Records from a collection:
◆ ◆ ◆ ◆
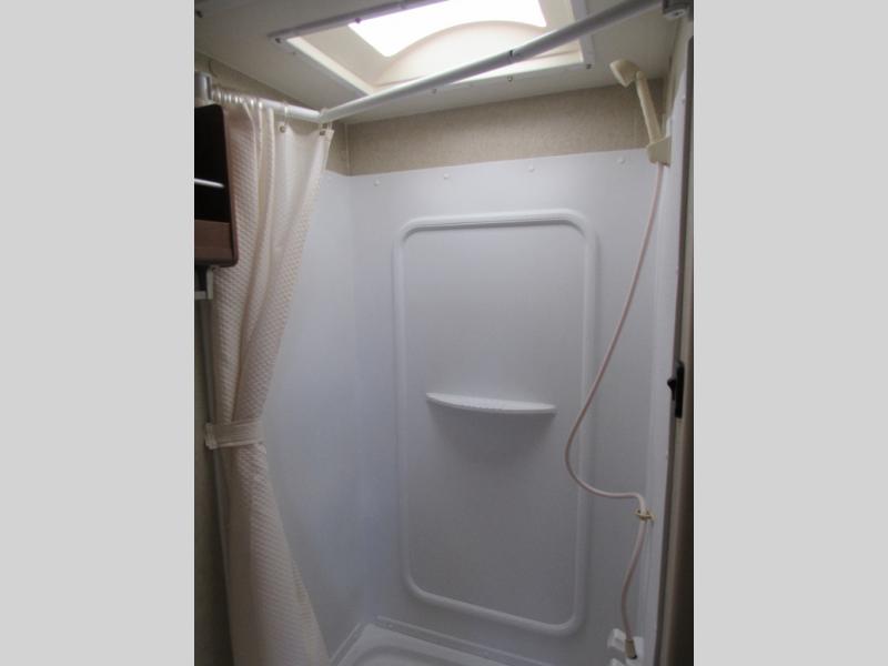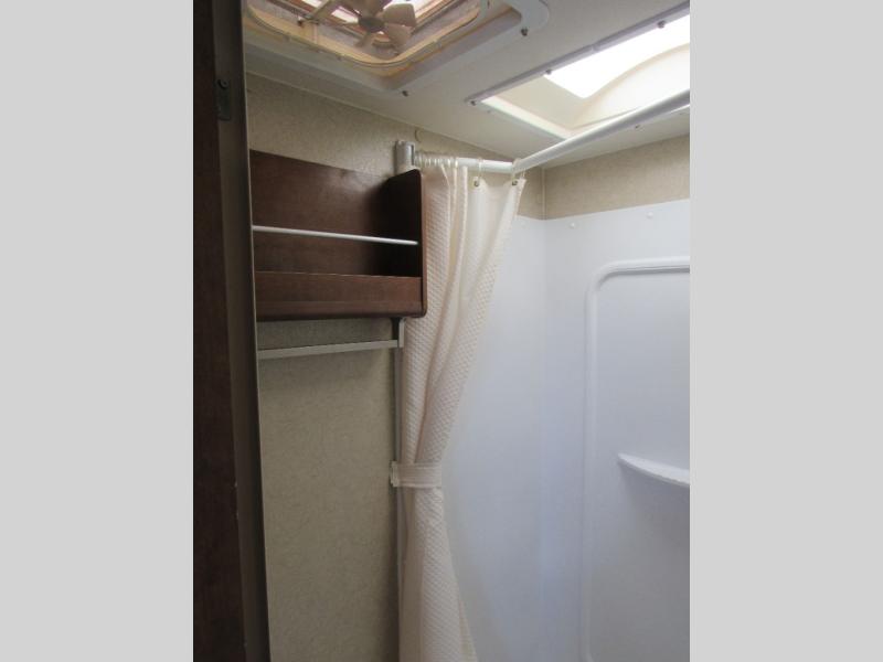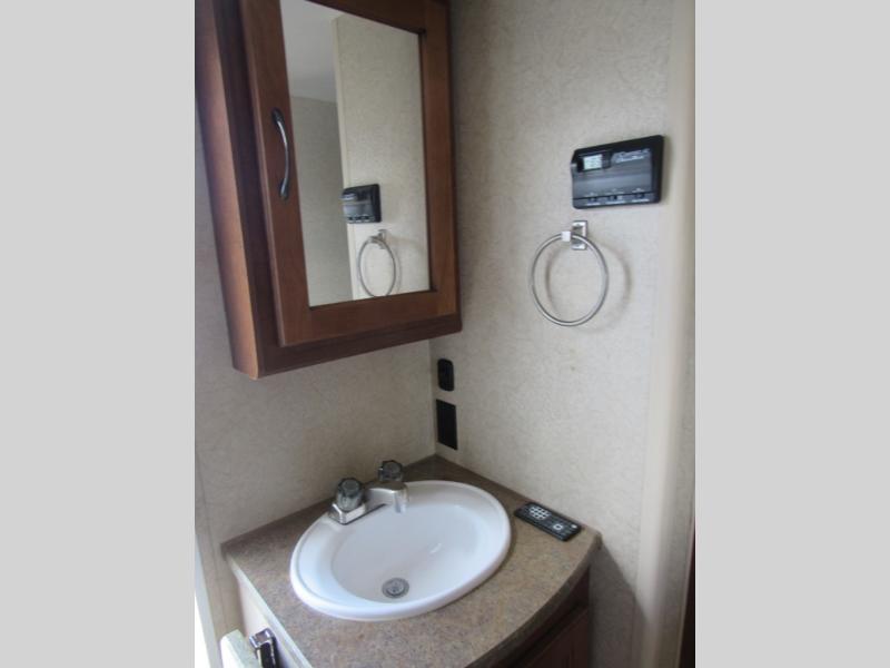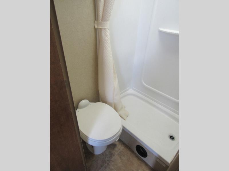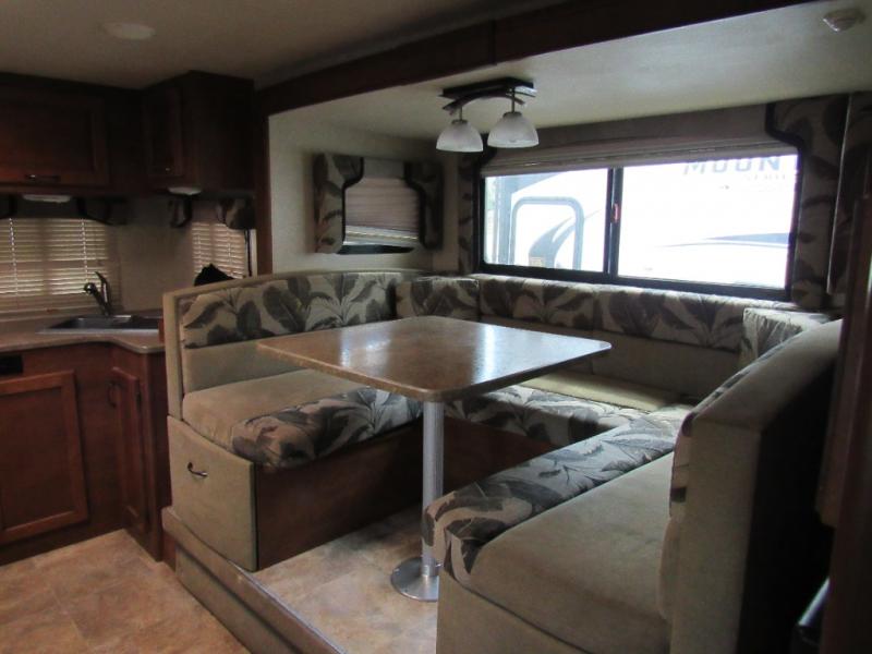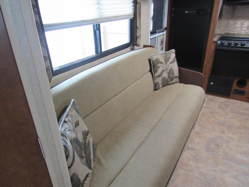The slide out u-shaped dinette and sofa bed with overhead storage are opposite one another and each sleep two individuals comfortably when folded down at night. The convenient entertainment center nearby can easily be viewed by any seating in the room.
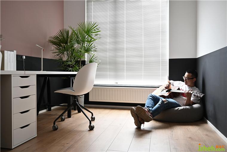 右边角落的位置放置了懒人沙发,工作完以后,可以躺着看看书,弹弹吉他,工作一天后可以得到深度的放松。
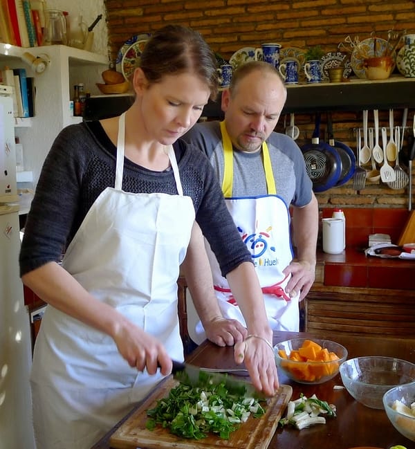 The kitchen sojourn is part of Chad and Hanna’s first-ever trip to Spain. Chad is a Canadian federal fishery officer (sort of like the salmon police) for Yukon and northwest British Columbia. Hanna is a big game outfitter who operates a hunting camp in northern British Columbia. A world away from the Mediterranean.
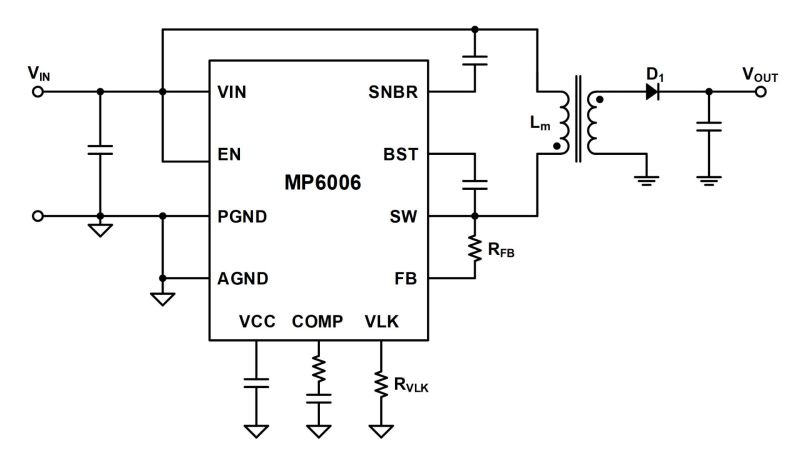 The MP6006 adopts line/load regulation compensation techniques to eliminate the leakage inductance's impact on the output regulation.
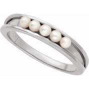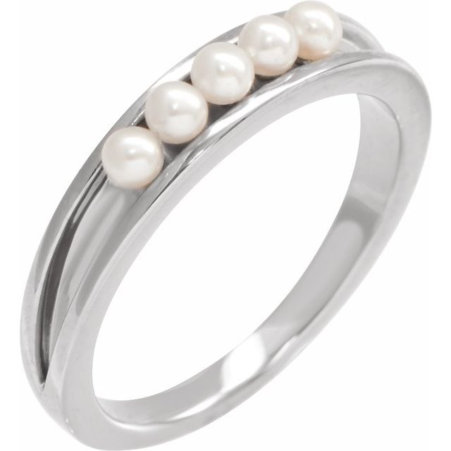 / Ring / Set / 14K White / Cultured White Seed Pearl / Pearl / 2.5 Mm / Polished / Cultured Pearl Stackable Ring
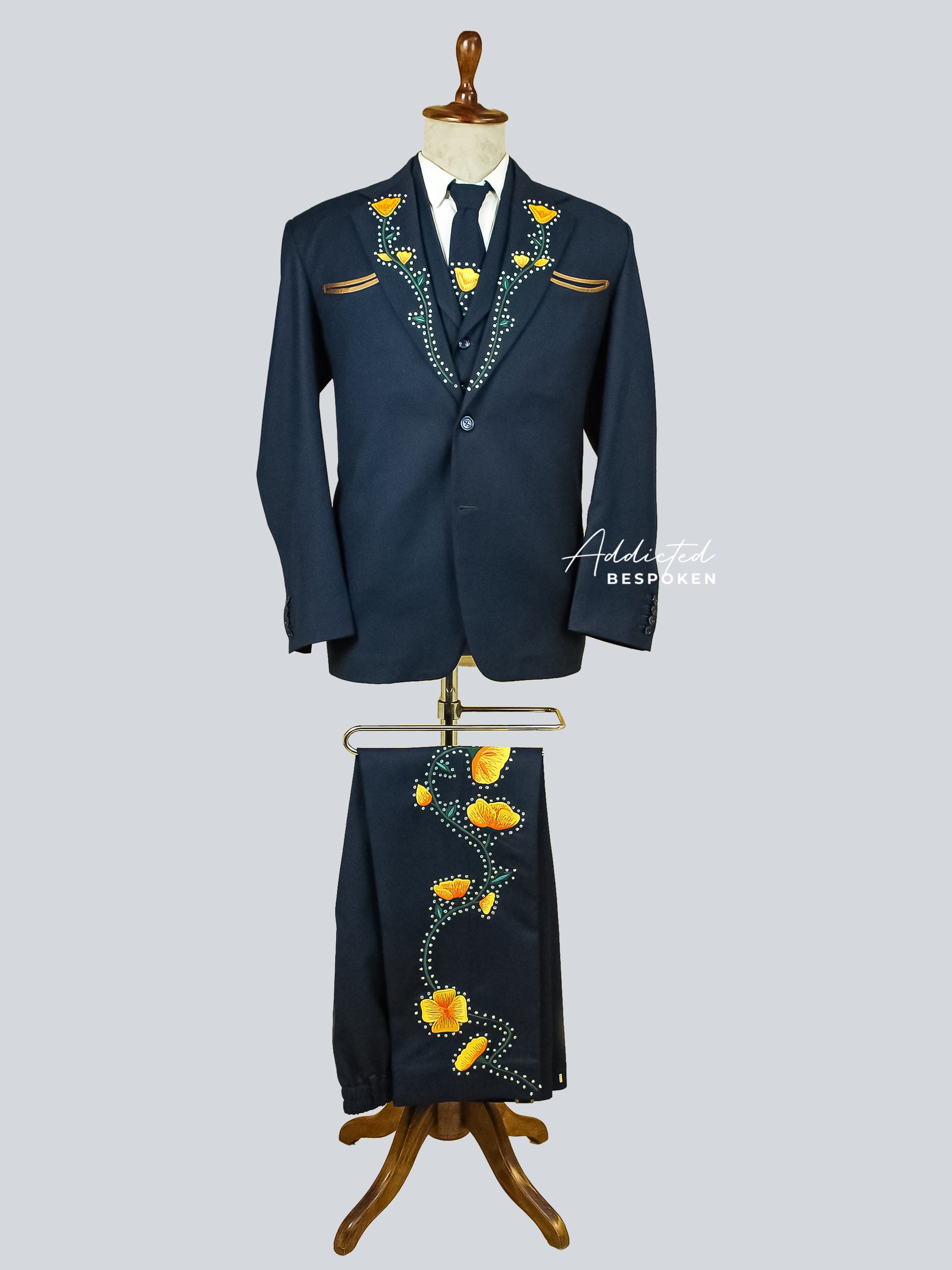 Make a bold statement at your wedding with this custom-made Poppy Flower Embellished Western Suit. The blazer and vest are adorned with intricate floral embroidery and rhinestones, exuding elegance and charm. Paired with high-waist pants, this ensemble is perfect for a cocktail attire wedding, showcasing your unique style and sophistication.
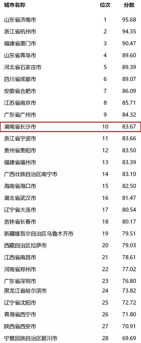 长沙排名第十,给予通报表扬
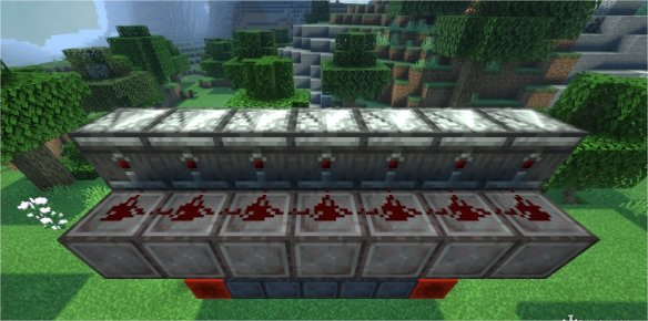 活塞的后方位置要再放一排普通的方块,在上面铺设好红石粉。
◆ ◆ ◆ ◆
Each line from the one containing "右边角落的位置放置了懒人沙发" through the last line of the entries above is to be extracted exactly. Pictures are not part of the copy.

 右边角落的位置放置了懒人沙发,工作完以后,可以躺着看看书,弹弹吉他,工作一天后可以得到深度的放松。
 The kitchen sojourn is part of Chad and Hanna’s first-ever trip to Spain. Chad is a Canadian federal fishery officer (sort of like the salmon police) for Yukon and northwest British Columbia. Hanna is a big game outfitter who operates a hunting camp in northern British Columbia. A world away from the Mediterranean.
 The MP6006 adopts line/load regulation compensation techniques to eliminate the leakage inductance's impact on the output regulation.
 / Ring / Set / 14K White / Cultured White Seed Pearl / Pearl / 2.5 Mm / Polished / Cultured Pearl Stackable Ring
 Make a bold statement at your wedding with this custom-made Poppy Flower Embellished Western Suit. The blazer and vest are adorned with intricate floral embroidery and rhinestones, exuding elegance and charm. Paired with high-waist pants, this ensemble is perfect for a cocktail attire wedding, showcasing your unique style and sophistication.
 长沙排名第十,给予通报表扬
 活塞的后方位置要再放一排普通的方块,在上面铺设好红石粉。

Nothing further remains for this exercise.